* SOURCE RECORDS
Segment Open

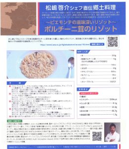 今月は、松嶋啓介シェフお薦めの郷土料理から、ヨーロッパの郷土料理 「~ピエモンテの滋味深いリゾット~ポルチーニ茸のリゾット」をご紹介します。
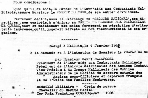 Complètement méconnu par les Pouvoirs Publics, en but aux sarcasmes de certains esprits malveillants, mais bénie par toute une population, l’entr’aide aux combattants halluinois n’en a pas moins poursuivi sa tâche, donnant à ses dirigeants la seule, mais aussi la plus belle des satisfactions, celle du devoir accompli.
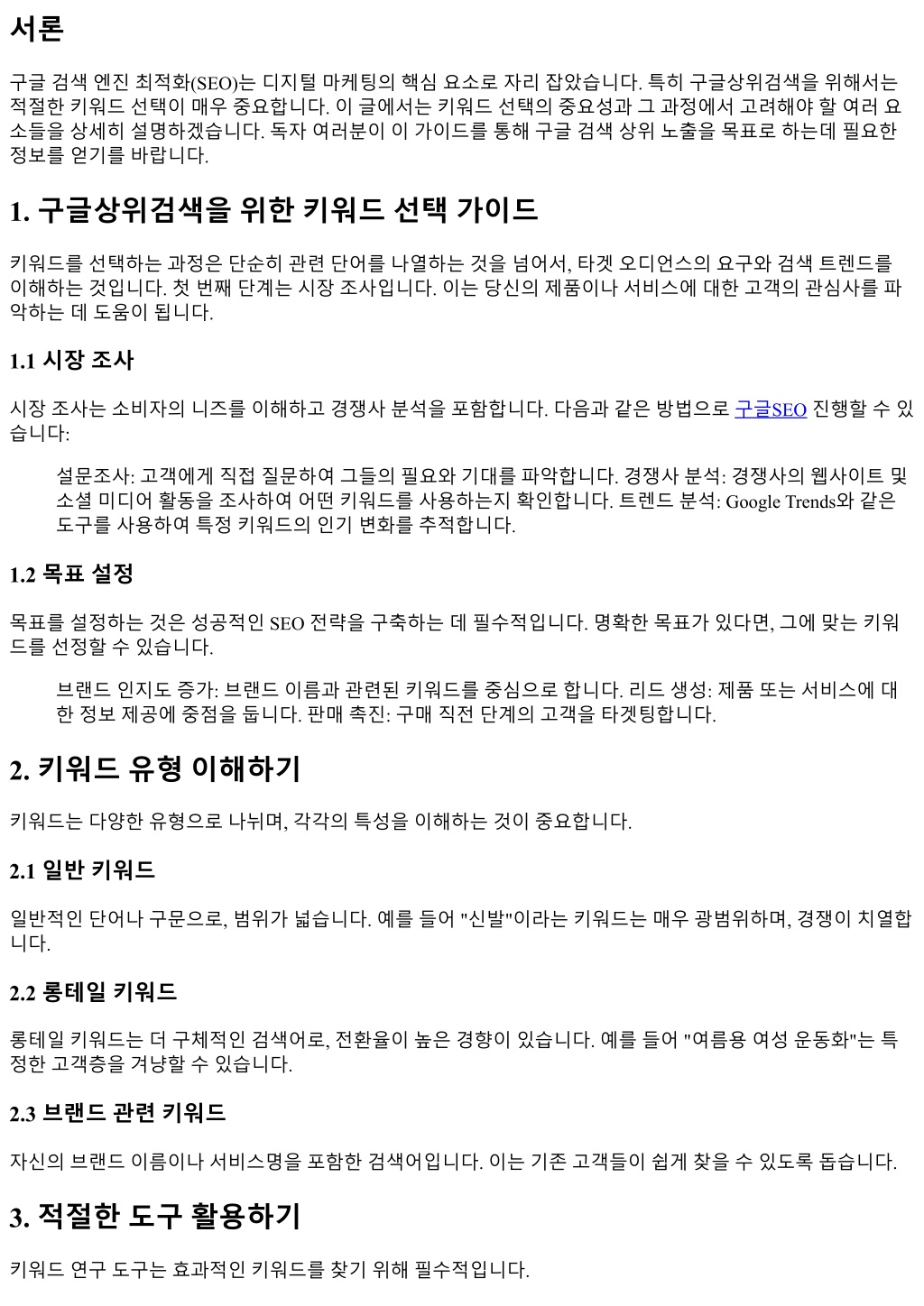 서론 구글검색엔진최적화(SEO)는디지털마케팅의핵심요소로자리잡았습니다. 특히구글상위검색을위해서는 적절한키워드선택이매우중요합니다. 이글에서는키워드선택의중요성과그과정에서고려해야할여러요 소들을상세히설명하겠습니다. 독자여러분이이가이드를통해구글검색상위노출을목표로하는데필요한 정보를얻기를바랍니다. 1. 구글상위검색을위한키워드선택가이드 키워드를선택하는과정은단순히관련단어를나열하는것을넘어서, 타겟오디언스의요구와검색트렌드를 이해하는것입니다. 첫번째단계는시장조사입니다. 이는당신의제품이나서비스에대한고객의관심사를파 악하는데도움이됩니다. 1.1 시장조사 시장조사는소비자의니즈를이해하고경쟁사분석을포함합니다. 다음과같은방법으로구글SEO진행할수있 습니다: 설문조사: 고객에게직접질문하여그들의필요와기대를파악합니다. 경쟁사분석: 경쟁사의웹사이트및 소셜미디어활동을조사하여어떤키워드를사용하는지확인합니다. 트렌드분석: Google Trends와같은 도구를사용하여특정키워드의인기변화를추적합니다. 1.2 목표설정 목표를설정하는것은성공적인 SEO 전략을구축하는데필수적입니다. 명확한목표가있다면, 그에맞는키워 드를선정할수있습니다. 브랜드인지도증가: 브랜드이름과관련된키워드를중심으로합니다. 리드생성: 제품또는서비스에대 한정보제공에중점을둡니다. 판매촉진: 구매직전단계의고객을타겟팅합니다. 2. 키워드유형이해하기 키워드는다양한유형으로나뉘며, 각각의특성을이해하는것이중요합니다. 2.1 일반키워드 일반적인단어나구문으로, 범위가넓습니다. 예를들어 "신발"이라는키워드는매우광범위하며, 경쟁이치열합 니다. 2.2 롱테일키워드 롱테일키워드는더구체적인검색어로, 전환율이높은경향이있습니다. 예를들어 "여름용여성운동화"는특 정한고객층을겨냥할수있습니다. 2.3 브랜드관련키워드 자신의브랜드이름이나서비스명을포함한검색어입니다. 이는기존고객들이쉽게찾을수있도록돕습니다. 3. 적절한도구활용하기 키워드연구도구는효과적인키워드를찾기위해필수적입니다.
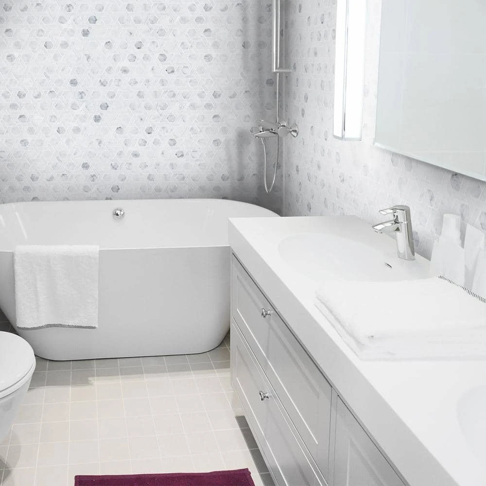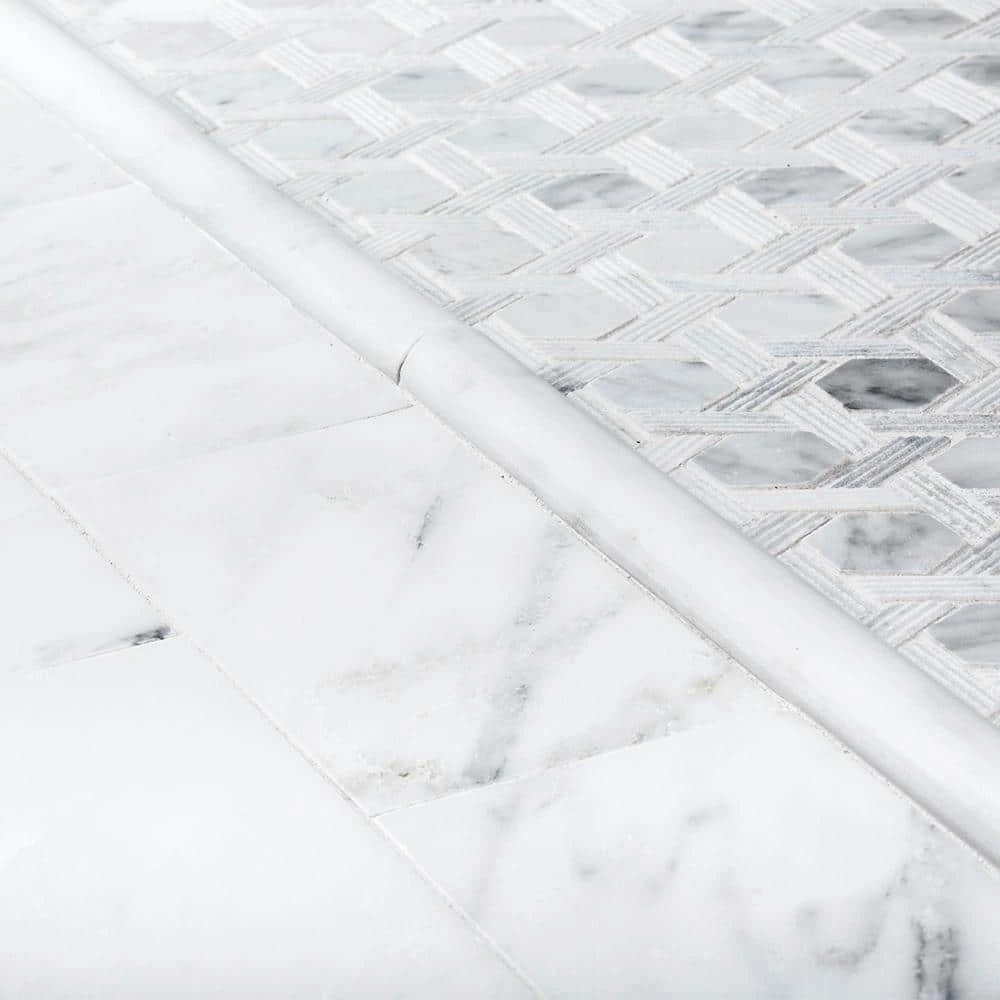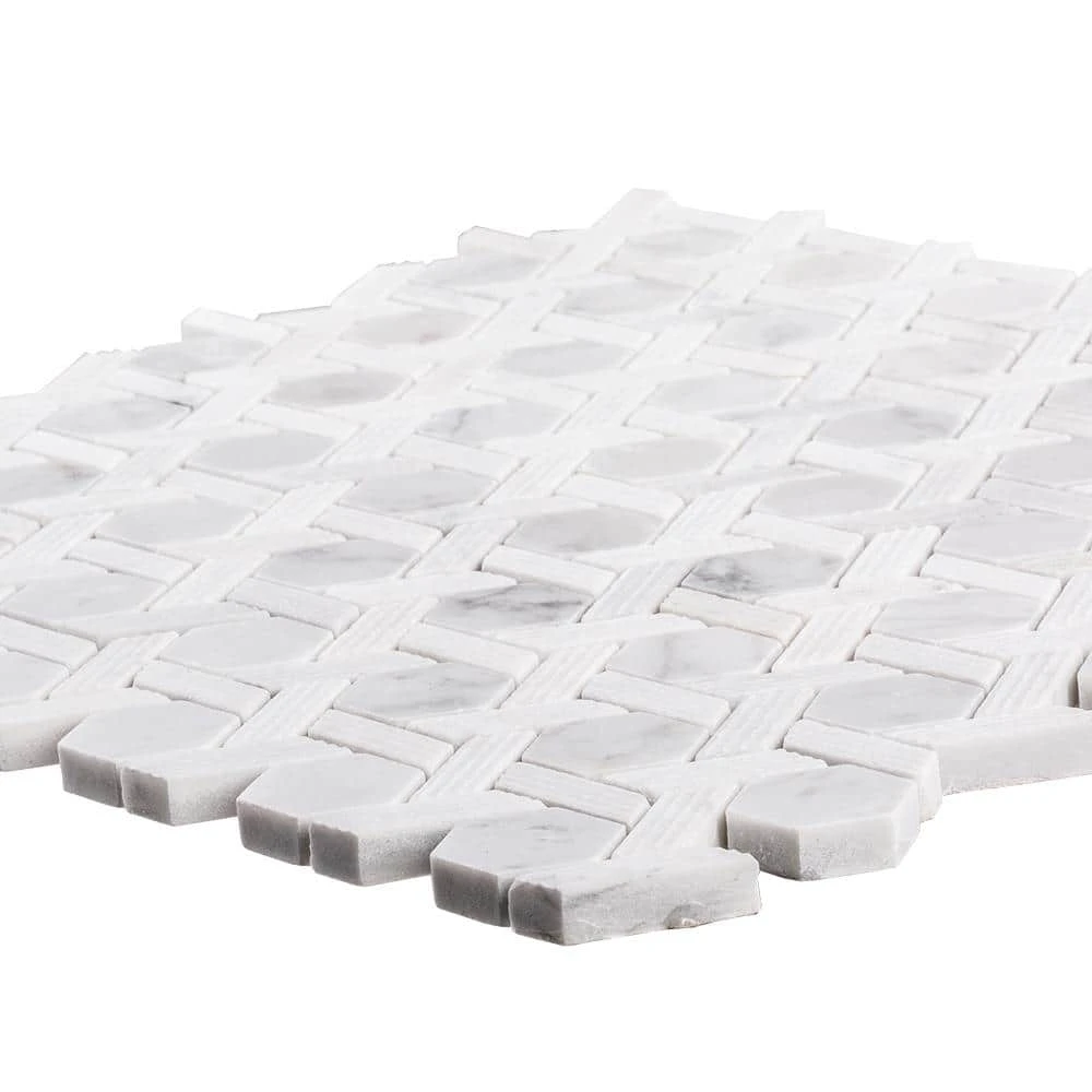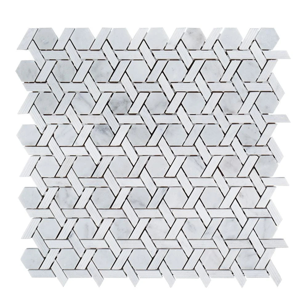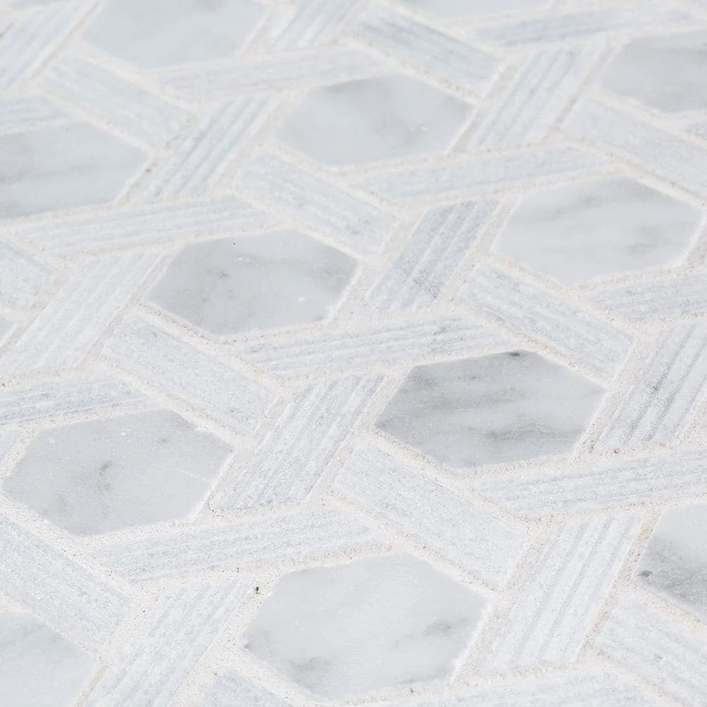 Update the look of your space with the Primrose Chapel 11-7/8 in. x 11-3/4 in. Marble Mosaic. This mosaic features a basketweave pattern with hexagon pieces for a unique look. The mosaic’s white carrara marble stone has gray veining with textured and honed pieces. Perfect for an array of styles, from traditional to modern. Combine with other mosaics and field tiles to create impressive installations. For best installation results, use white polymer-modified thinset.
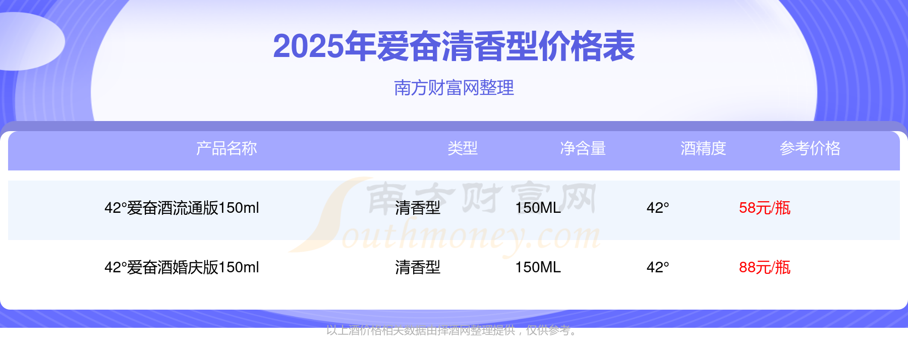 42°愛奮酒婚慶版150ml參考價(jià)88元/瓶、42°愛奮酒流通版150ml參考價(jià)58元/瓶。
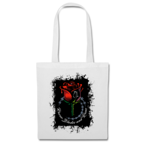 W201-SS: Razor Blades & Roses Design (White Tote Bag)
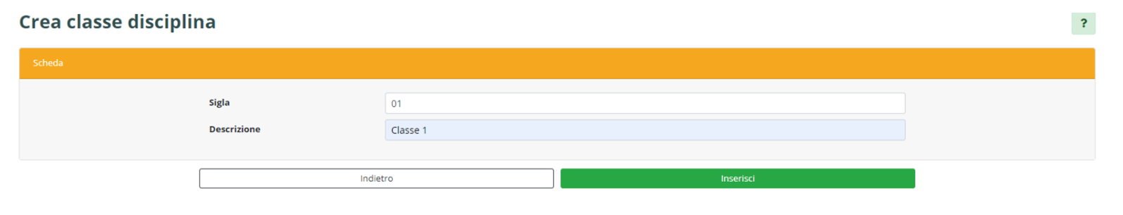 La definizione delle Classi si effettua entrando in Anagrafiche > Classi e Discipline > Nuovo.

Segment Closed

* ACTION ITEM
Because the pictures are not wanted, retype only the text of every record, exactly as given.

* SOLUTION FOR THIS PROBLEM
 今月は、松嶋啓介シェフお薦めの郷土料理から、ヨーロッパの郷土料理 「~ピエモンテの滋味深いリゾット~ポルチーニ茸のリゾット」をご紹介します。
 Complètement méconnu par les Pouvoirs Publics, en but aux sarcasmes de certains esprits malveillants, mais bénie par toute une population, l’entr’aide aux combattants halluinois n’en a pas moins poursuivi sa tâche, donnant à ses dirigeants la seule, mais aussi la plus belle des satisfactions, celle du devoir accompli.
 서론 구글검색엔진최적화(SEO)는디지털마케팅의핵심요소로자리잡았습니다. 특히구글상위검색을위해서는 적절한키워드선택이매우중요합니다. 이글에서는키워드선택의중요성과그과정에서고려해야할여러요 소들을상세히설명하겠습니다. 독자여러분이이가이드를통해구글검색상위노출을목표로하는데필요한 정보를얻기를바랍니다. 1. 구글상위검색을위한키워드선택가이드 키워드를선택하는과정은단순히관련단어를나열하는것을넘어서, 타겟오디언스의요구와검색트렌드를 이해하는것입니다. 첫번째단계는시장조사입니다. 이는당신의제품이나서비스에대한고객의관심사를파 악하는데도움이됩니다. 1.1 시장조사 시장조사는소비자의니즈를이해하고경쟁사분석을포함합니다. 다음과같은방법으로구글SEO진행할수있 습니다: 설문조사: 고객에게직접질문하여그들의필요와기대를파악합니다. 경쟁사분석: 경쟁사의웹사이트및 소셜미디어활동을조사하여어떤키워드를사용하는지확인합니다. 트렌드분석: Google Trends와같은 도구를사용하여특정키워드의인기변화를추적합니다. 1.2 목표설정 목표를설정하는것은성공적인 SEO 전략을구축하는데필수적입니다. 명확한목표가있다면, 그에맞는키워 드를선정할수있습니다. 브랜드인지도증가: 브랜드이름과관련된키워드를중심으로합니다. 리드생성: 제품또는서비스에대 한정보제공에중점을둡니다. 판매촉진: 구매직전단계의고객을타겟팅합니다. 2. 키워드유형이해하기 키워드는다양한유형으로나뉘며, 각각의특성을이해하는것이중요합니다. 2.1 일반키워드 일반적인단어나구문으로, 범위가넓습니다. 예를들어 "신발"이라는키워드는매우광범위하며, 경쟁이치열합 니다. 2.2 롱테일키워드 롱테일키워드는더구체적인검색어로, 전환율이높은경향이있습니다. 예를들어 "여름용여성운동화"는특 정한고객층을겨냥할수있습니다. 2.3 브랜드관련키워드 자신의브랜드이름이나서비스명을포함한검색어입니다. 이는기존고객들이쉽게찾을수있도록돕습니다. 3. 적절한도구활용하기 키워드연구도구는효과적인키워드를찾기위해필수적입니다.
 Update the look of your space with the Primrose Chapel 11-7/8 in. x 11-3/4 in. Marble Mosaic. This mosaic features a basketweave pattern with hexagon pieces for a unique look. The mosaic’s white carrara marble stone has gray veining with textured and honed pieces. Perfect for an array of styles, from traditional to modern. Combine with other mosaics and field tiles to create impressive installations. For best installation results, use white polymer-modified thinset.
 42°愛奮酒婚慶版150ml參考價(jià)88元/瓶、42°愛奮酒流通版150ml參考價(jià)58元/瓶。
 W201-SS: Razor Blades & Roses Design (White Tote Bag)
 La definizione delle Classi si effettua entrando in Anagrafiche > Classi e Discipline > Nuovo.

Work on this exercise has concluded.